Beijing has been shedding holdings of U.S. Treasury bonds to support the yuan’s value. The stockpile declined for the fifth consecutive month in October to $1.116 trillion, the lowest since July 2010, according to latest data from the U.S. Treasury Department and Wind.
China has also taken a series of measures to stem capital outflows, including imposing more restrictions on overseas investment.
Chinese leaders at the meeting this week said they will elevate defending against financial risks “to an even more important position” and pledged to step up efforts to “prevent and curb asset bubbles,” Xinhua said.
In an apparent nod to excessive home price increases this year, authorities vowed to “rationally increase land supply” in some cities and use financial and other measures to rein in real estate bubbles.They also said they will guard against large price volatility and “strictly limit credit used for speculative property purchases,” the report said.

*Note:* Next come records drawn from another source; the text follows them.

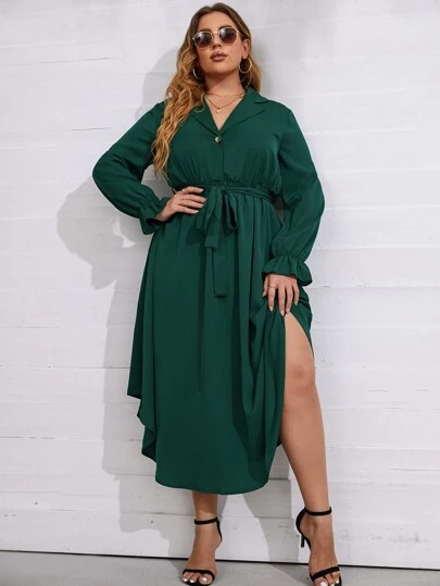 SHEIN LUNE Plus Flounce Sleeve Curved Hem Belted Dress - Dark Green - View 1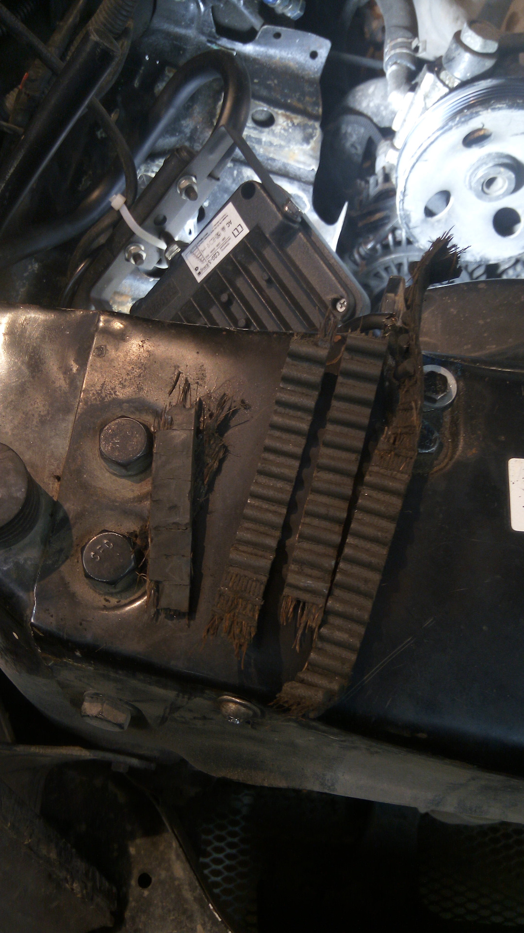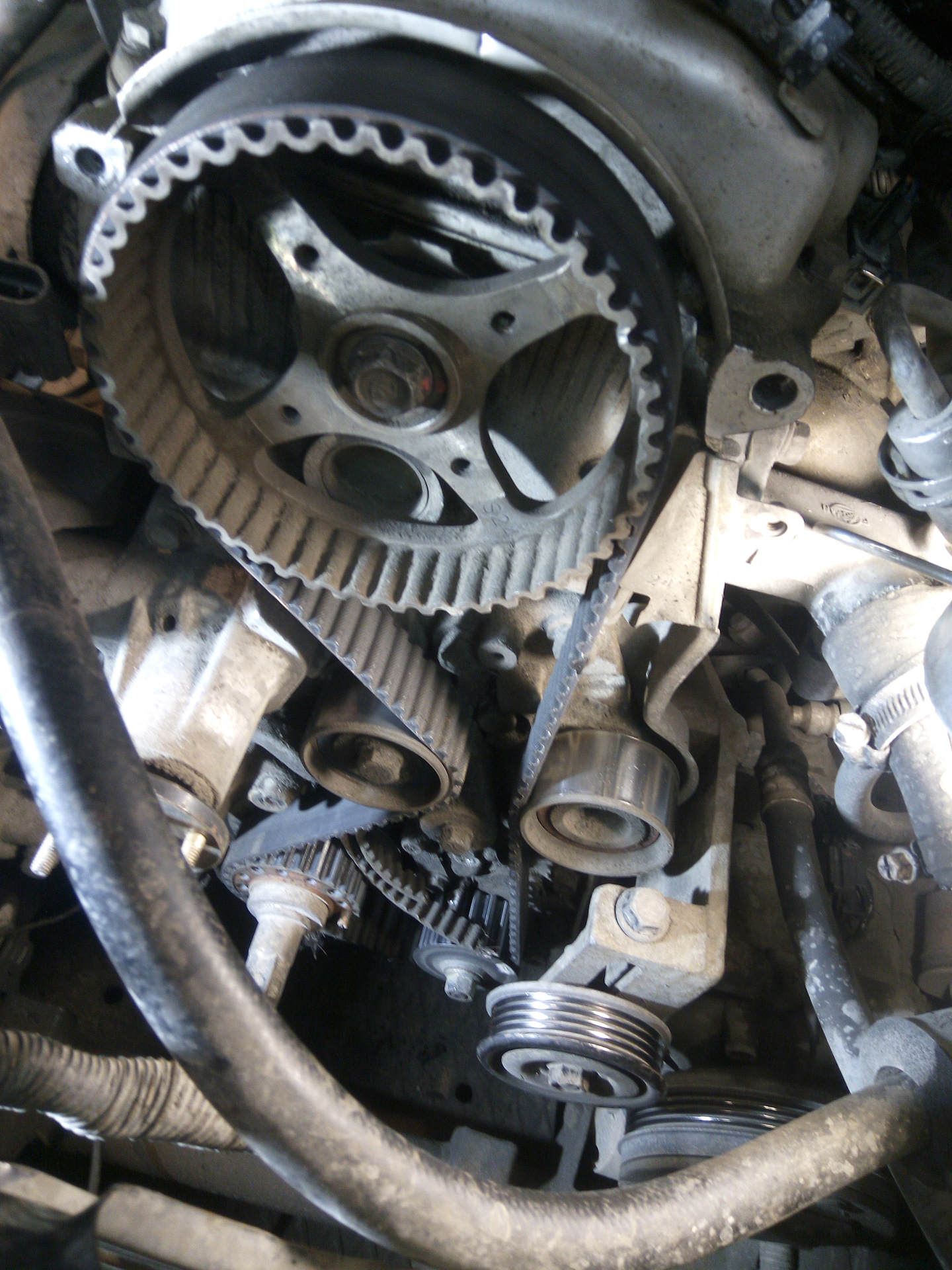Говорить много не чего. перестала ехать… на следующий день вообще встала. Были заменены свечи, провода, катушка и все без результатно. В итоге после 30км на "галстуке", при разборе выяснилось что ГРМ перескачил аж на 6 зубов, виновник был найден, это оказался ремень балансировочного вала который наверное был еще родной с завода, изорвался весь в клочья, попал под ГРМ и произошел перескок. Ну главное что клапана остались живы, В процессе ремонта были заменены все ремни (5шт). Едем дальше)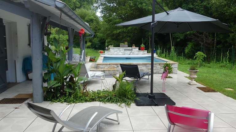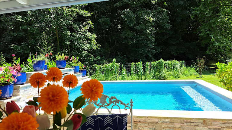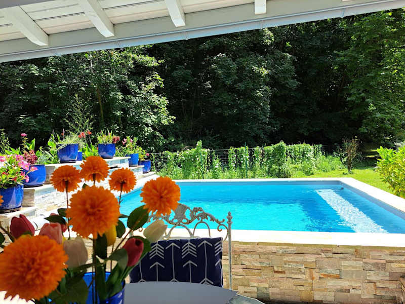 Das Ferienhaus verfügt über 2 Schlafzimmer, ein Wohnzimmer und eine gut ausgestattete Küche. Es bietet Platz für bis zu 4 Personen und ist ideal für Familien oder kleine Gruppen. Das Highlight des Hauses ist der beheizte Pool, der zu entspannten Stunden unter der Sonne einlädt. Die Terrasse bietet einen herrlichen Blick auf den Garten und den Pool. Handtücher und Bettwäsche werden gestellt, um Ihren Aufenthalt so angenehm wie möglich zu gestalten.

The government will keep monetary policy “stable and neutral” to properly adjust money supply and “maintain the basic stability of liquidity,” it said, seemingly addressing concerns over rising actual interest rates in the country, particularly in the bond and money markets.
Fiscal policy will be “more active and effective” next year. At the top of the government agenda will be spending to facilitate supply-side reforms, a reduction in corporate taxes and more support of basic social security expenditures.
China has been hoping to make its growth more sustainable through supply-side reforms, which were put forward for the first time by President Xi Jinping in November 2015. These mainly involve reducing overcapacity, such as in the steel and coal industries, cutting inventory and reducing debt levels.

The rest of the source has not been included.